↓

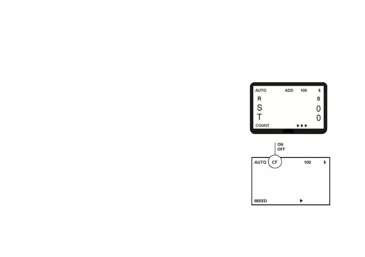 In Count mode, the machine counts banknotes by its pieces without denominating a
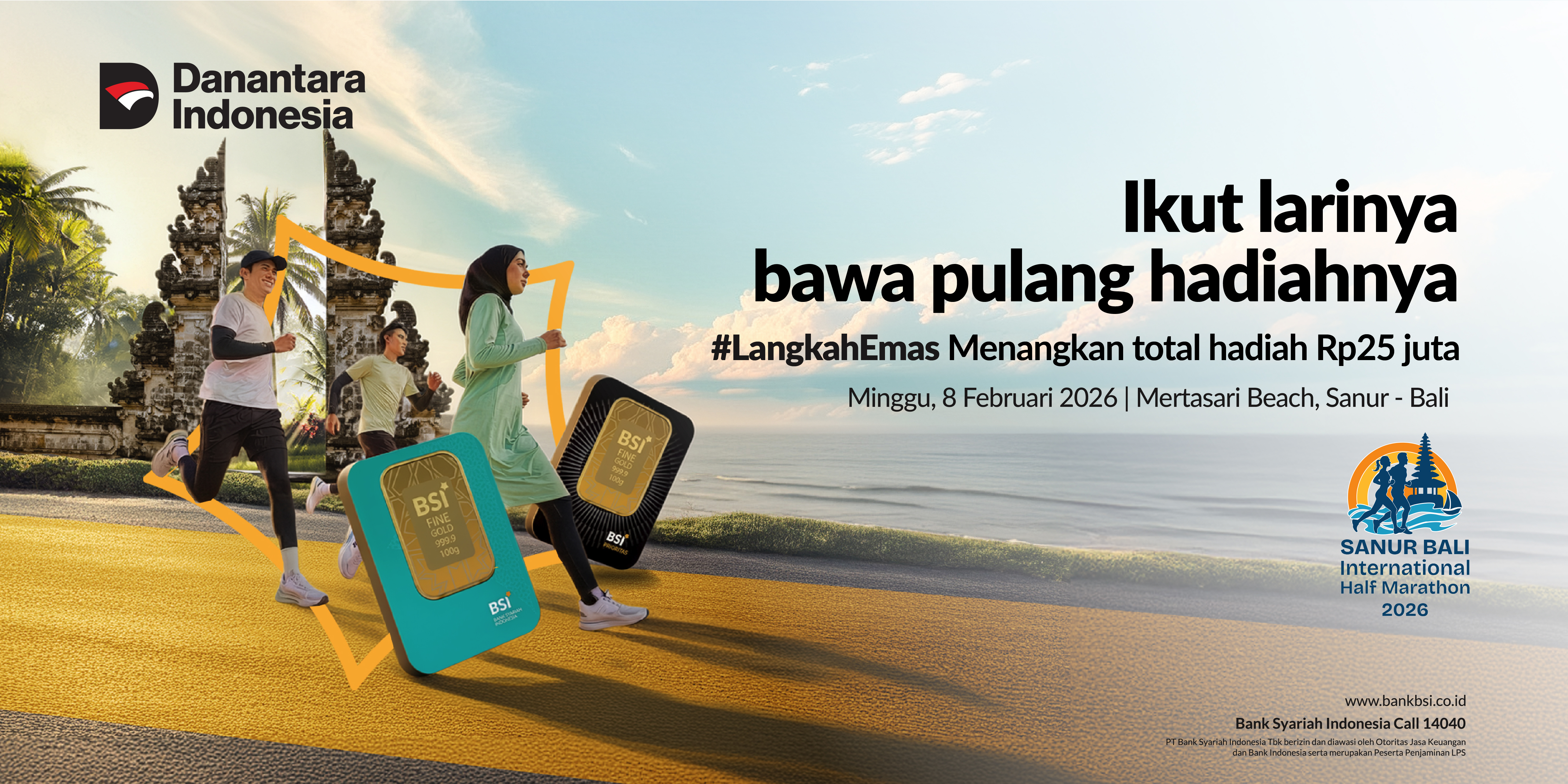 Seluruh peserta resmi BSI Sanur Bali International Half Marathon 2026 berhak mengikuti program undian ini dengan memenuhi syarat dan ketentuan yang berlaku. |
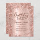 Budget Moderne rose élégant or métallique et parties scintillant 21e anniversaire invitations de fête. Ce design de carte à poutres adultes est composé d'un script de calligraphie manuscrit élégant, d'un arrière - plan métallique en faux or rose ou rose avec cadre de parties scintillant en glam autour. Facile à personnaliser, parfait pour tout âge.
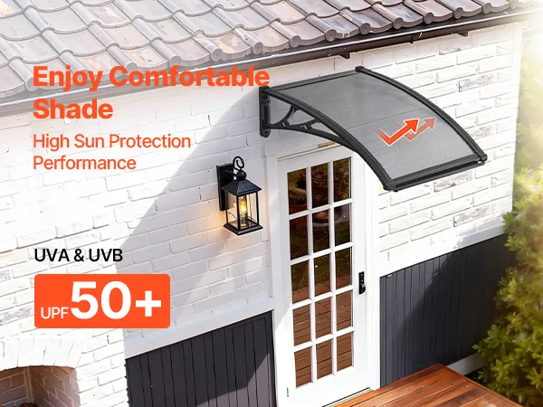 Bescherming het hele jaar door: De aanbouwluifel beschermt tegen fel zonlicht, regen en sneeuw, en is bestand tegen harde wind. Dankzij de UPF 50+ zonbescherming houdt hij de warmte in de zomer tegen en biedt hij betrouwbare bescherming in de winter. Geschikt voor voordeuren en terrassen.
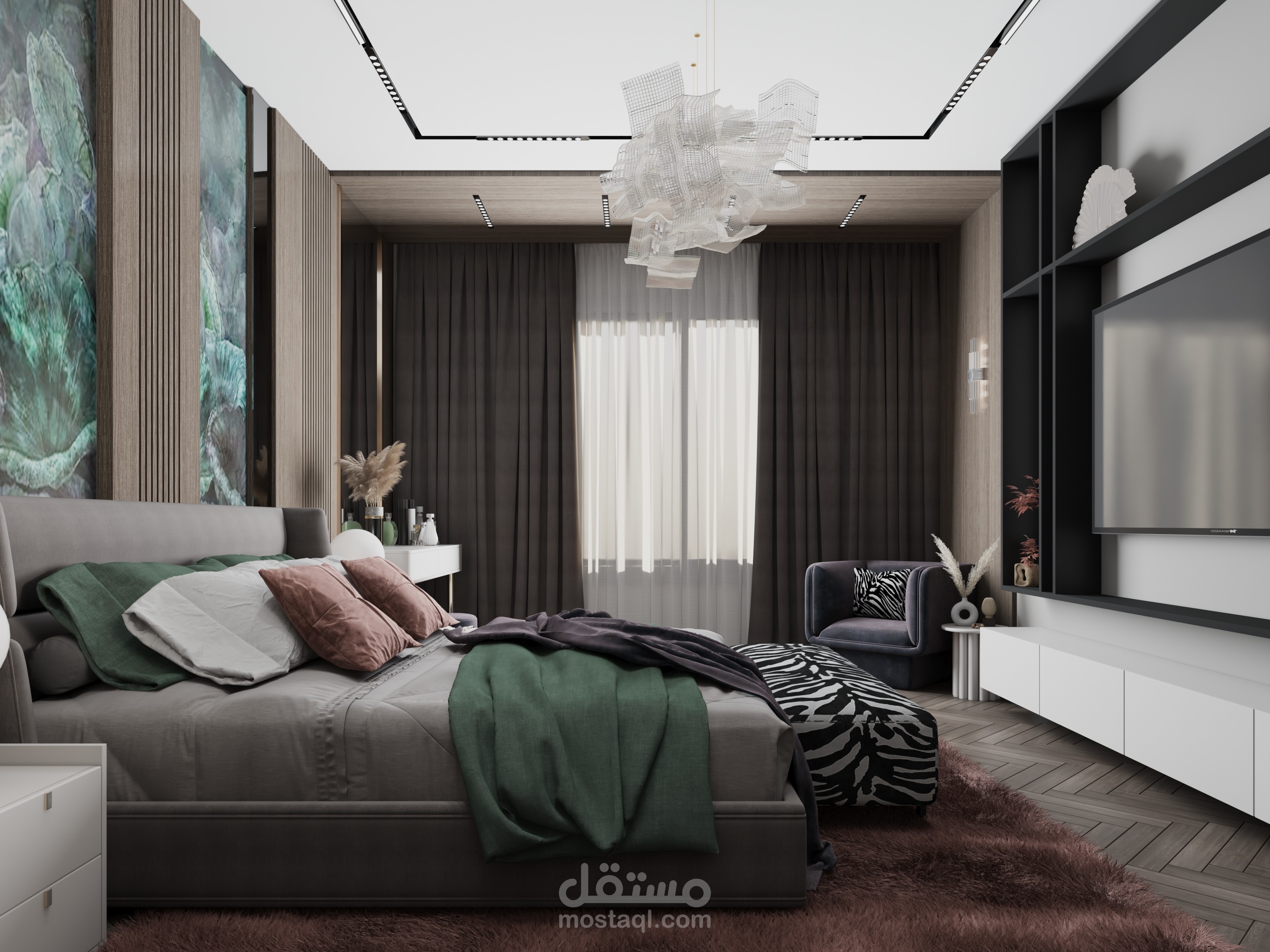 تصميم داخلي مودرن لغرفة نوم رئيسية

↑
↓

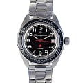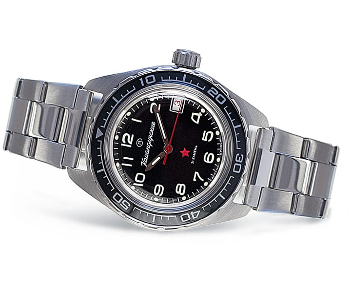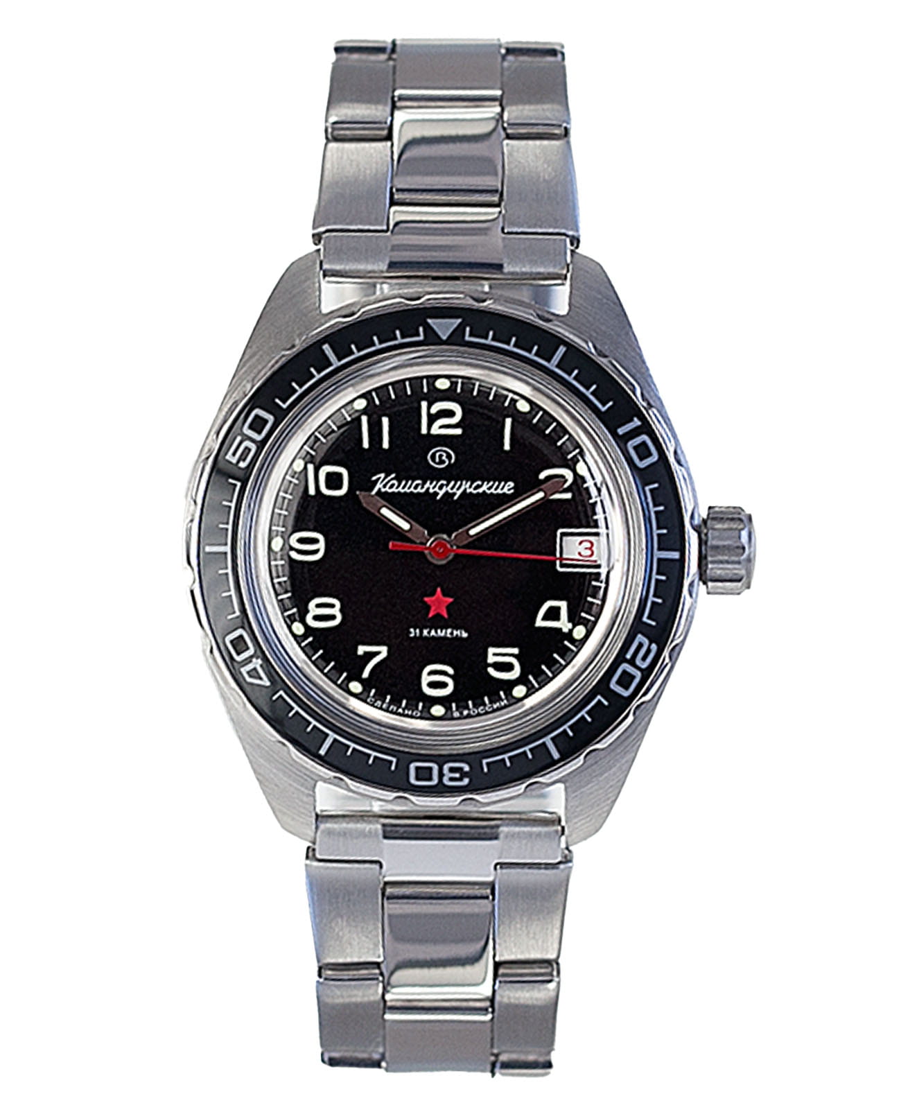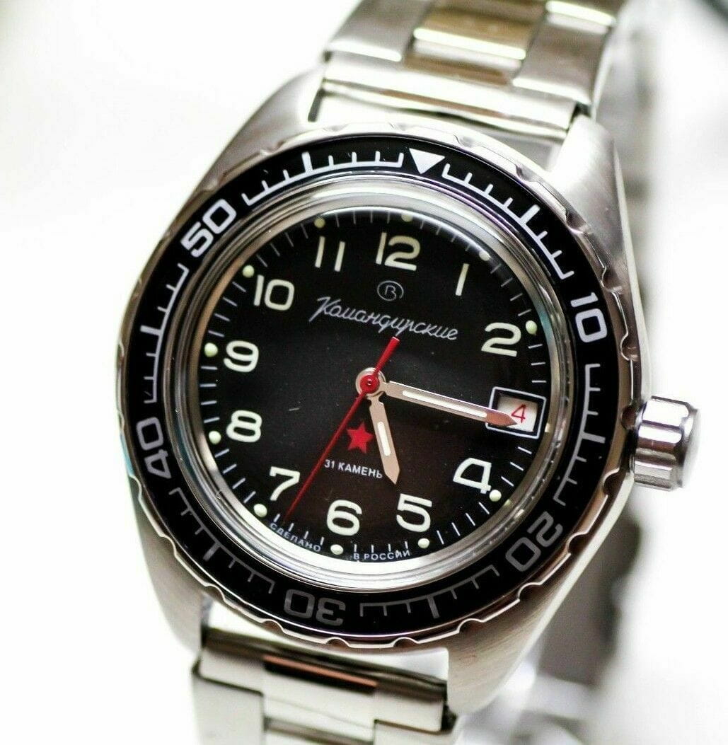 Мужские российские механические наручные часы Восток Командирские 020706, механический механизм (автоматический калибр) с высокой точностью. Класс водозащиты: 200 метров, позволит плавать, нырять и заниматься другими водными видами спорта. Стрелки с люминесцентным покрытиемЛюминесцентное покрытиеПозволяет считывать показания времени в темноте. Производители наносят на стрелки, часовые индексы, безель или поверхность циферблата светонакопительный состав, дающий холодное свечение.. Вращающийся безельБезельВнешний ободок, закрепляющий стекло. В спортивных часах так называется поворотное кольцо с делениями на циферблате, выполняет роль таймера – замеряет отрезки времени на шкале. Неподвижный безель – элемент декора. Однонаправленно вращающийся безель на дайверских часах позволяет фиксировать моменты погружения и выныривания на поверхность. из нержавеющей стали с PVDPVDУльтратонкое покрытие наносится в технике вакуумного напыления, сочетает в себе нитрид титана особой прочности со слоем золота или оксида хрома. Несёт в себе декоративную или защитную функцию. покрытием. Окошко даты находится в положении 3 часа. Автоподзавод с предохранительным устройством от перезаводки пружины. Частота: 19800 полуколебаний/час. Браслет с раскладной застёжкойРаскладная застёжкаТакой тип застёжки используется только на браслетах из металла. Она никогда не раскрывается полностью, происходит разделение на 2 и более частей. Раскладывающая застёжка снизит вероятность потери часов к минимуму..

↑
↓

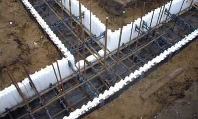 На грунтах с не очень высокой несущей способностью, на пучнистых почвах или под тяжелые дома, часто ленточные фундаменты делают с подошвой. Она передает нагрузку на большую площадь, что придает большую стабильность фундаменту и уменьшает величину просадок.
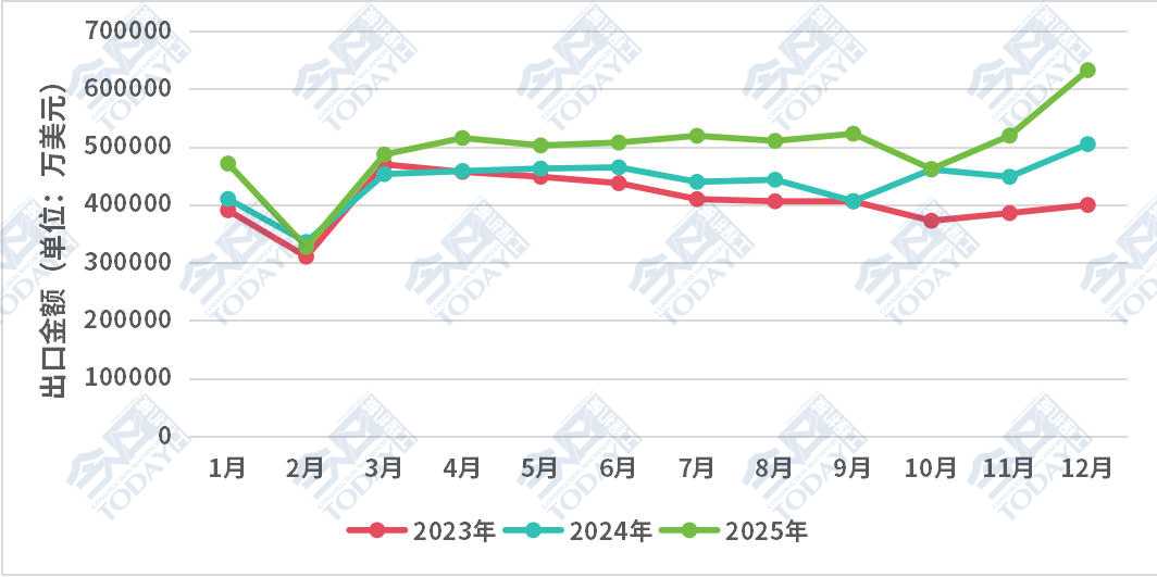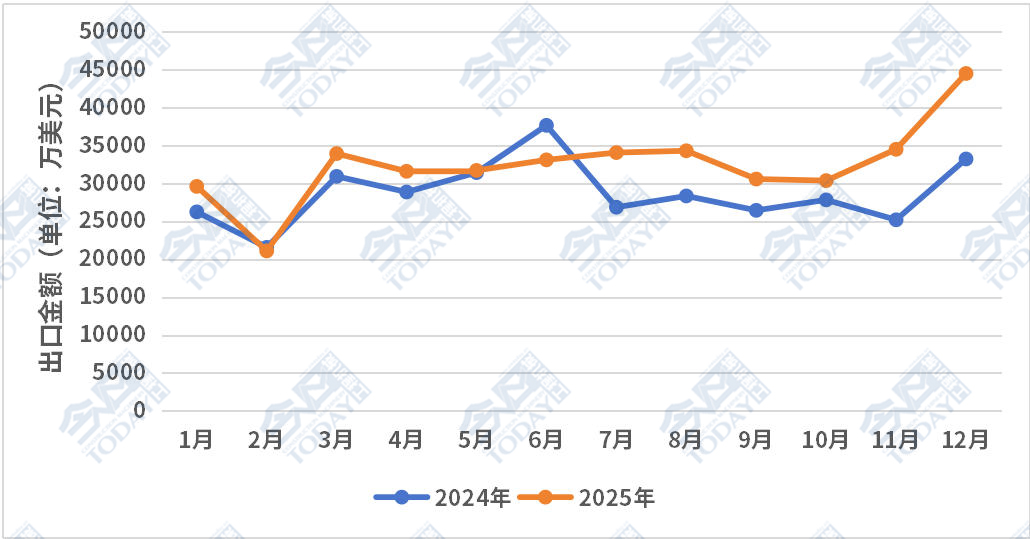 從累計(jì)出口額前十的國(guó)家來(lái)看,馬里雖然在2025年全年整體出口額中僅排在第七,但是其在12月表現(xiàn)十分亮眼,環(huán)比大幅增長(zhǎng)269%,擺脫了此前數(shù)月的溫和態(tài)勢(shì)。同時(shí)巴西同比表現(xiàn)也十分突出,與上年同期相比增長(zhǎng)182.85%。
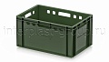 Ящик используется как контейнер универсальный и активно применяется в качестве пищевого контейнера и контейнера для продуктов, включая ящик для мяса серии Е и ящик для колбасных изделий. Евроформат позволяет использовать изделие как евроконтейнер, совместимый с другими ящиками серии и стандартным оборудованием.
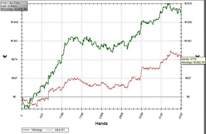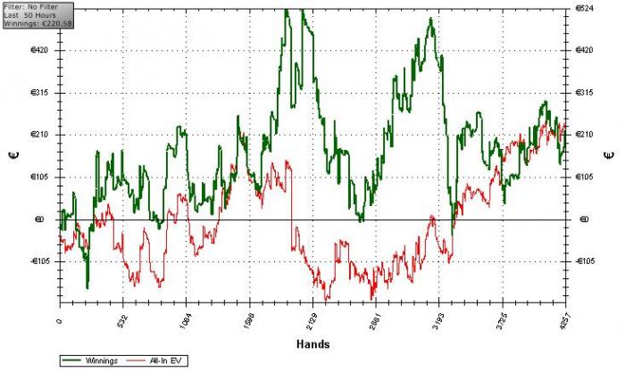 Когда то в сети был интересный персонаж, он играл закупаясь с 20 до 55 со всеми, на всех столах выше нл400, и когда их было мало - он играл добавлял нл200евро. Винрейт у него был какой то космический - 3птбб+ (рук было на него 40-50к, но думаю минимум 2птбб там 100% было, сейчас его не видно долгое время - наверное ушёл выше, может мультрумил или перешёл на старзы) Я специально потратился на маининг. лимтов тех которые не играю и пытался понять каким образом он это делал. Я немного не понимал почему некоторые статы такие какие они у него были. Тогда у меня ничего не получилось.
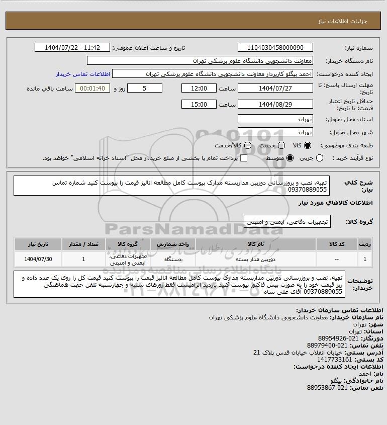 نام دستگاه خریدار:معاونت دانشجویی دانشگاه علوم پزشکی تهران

↑

## ACTIVITY
When you reach the line holding "Ящик используется как" in the listing above, begin retyping exactly, and stop once the line holding "نام دستگاه خریدار:معاونت" is done; pictures stay out.

## ANSWER TO THE PROBLEM
 Ящик используется как контейнер универсальный и активно применяется в качестве пищевого контейнера и контейнера для продуктов, включая ящик для мяса серии Е и ящик для колбасных изделий. Евроформат позволяет использовать изделие как евроконтейнер, совместимый с другими ящиками серии и стандартным оборудованием.
 Когда то в сети был интересный персонаж, он играл закупаясь с 20 до 55 со всеми, на всех столах выше нл400, и когда их было мало - он играл добавлял нл200евро. Винрейт у него был какой то космический - 3птбб+ (рук было на него 40-50к, но думаю минимум 2птбб там 100% было, сейчас его не видно долгое время - наверное ушёл выше, может мультрумил или перешёл на старзы) Я специально потратился на маининг. лимтов тех которые не играю и пытался понять каким образом он это делал. Я немного не понимал почему некоторые статы такие какие они у него были. Тогда у меня ничего не получилось.
 نام دستگاه خریدار:معاونت دانشجویی دانشگاه علوم پزشکی تهران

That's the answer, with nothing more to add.